The transaction prices of many cars, including the Toyota Prius, have declined… (Toyota Motor Corp. )
New car prices have fallen from a year ago, primarily because the inventory shortage created by the Japanese earthquake has been entirely erased.
On average, consumers are paying $500 less for a new vehicle today compared with just one year ago, according to Kelley Blue Book, the auto price information company that operates KBB.com.
Kelley said the biggest year-over-year price declines are for vehicles offered by Japanese brands such as the Toyota Prius. Manufacturing of the Prius hybrid, which is built in Japan, was severely distrupted by the earthquake. Inventories in the U.S. fell to less than seven days' worth, and prices spiked.

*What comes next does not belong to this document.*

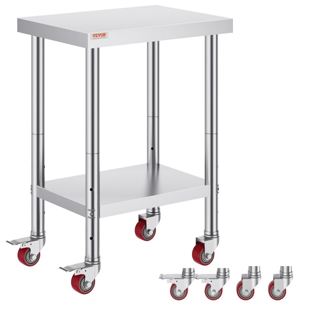 Vevor Mophorn Stainless Steel Catering Work Table 24x18 Inch Commercial Kitchen Table with 4 Wheels Commercial Food Prep WorkbenchFeatures ATTENTION: For your security, gloves are required during assembly! High-Quality Stainless Steel: This work table, measuring 24 x 18 x 34... £102.55OnBuy.comDelivery: in United Kingdom ReportBuy!

Now, however, the average transaction price for the Prius is about $2,500 less than a year ago.
“The average Honda model is selling for nearly $1,200 less than this time last year, and a Subaru, Mazda or Toyota is approximately $700 to $800 more affordable,” said Alec Gutierrez, senior market analyst of automotive insights for Kelley Blue Book. “Compare this to the average year-over-year declines of less than $500 for Ford, Chrysler and General Motors.”
The lower prices have allowed the Japanese brands to regain a portion of their lost market share in the U.S., Gutierrez said.
Some of the notable declines in one measure, the Kelley Blue Book Fair Purchase Price for new cars, include the Honda Accord and Nissan Sentra, which are both down nearly $1,500.
“The Honda Accord and Nissan Sentra can attribute their price decline to improved inventory levels, falling fuel prices and the expectation of a redesign for each model later this year,” said Gutierrez. “Although conditions in the global economy continue to deteriorate, consumers who are willing to pull the trigger on a new vehicle will find that there are plenty of deals available.”